I will say this on Vierling. Defensively he is very good in the corners and can hold his own in CF, he can play 1B and can stand at 3B (neither of which are primary positions but are nice on the bench). As for stats, he has a history of good plate discipline and that there is a reason everyone related to AAA got let go as well as the MLB hitting coach and it is because everything that touched those two withered and died. All of that combines to put the floor as 4th/5th OF type with good bench versatility.
However, in AA, AAA, and then the majors his exit velocity numbers stand out. Among players with at least 50 PAs in the majors his 91.5 mph is 43rd sitting in a group with Matt Olson, Joey Gallo, Bo Bichette, Kyle Tucker, and Freddie Freeman. Exit velocity isn't everything, and he suffers from much of the same problems as Alec Bohm (who is ahead of him at 36th at 92.0) where he needs to elevate the ball more to really tap into it. But it gives him ceiling, he is exactly the type of player that Kevin Long has gotten something out of in the past and there is a path here where he is Justin Turner at the plate and suddenly he is a very good everyday player. Not saying it will happen, but there isn't a path forward like that for Moniak or Haseley.

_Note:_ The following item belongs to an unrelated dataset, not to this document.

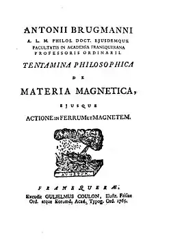 - Antonii Brugmans Magnetismus, seu, De affinitatibus magneticis observationes academicæ. Van Damme, Leiden 1778. (Digitalisat)

So he isn't the new hotness as much as he is a guy with some real underlying skills who has a clear path to being a major league contributor now with the tools where he could become an impact player (even if it is more of 80+ percentile outcome). For me he sits 9th in the system sitting firmly between the interesting upside guys at the top and the mess of young players who haven't played and the upper minors guys with real question marks.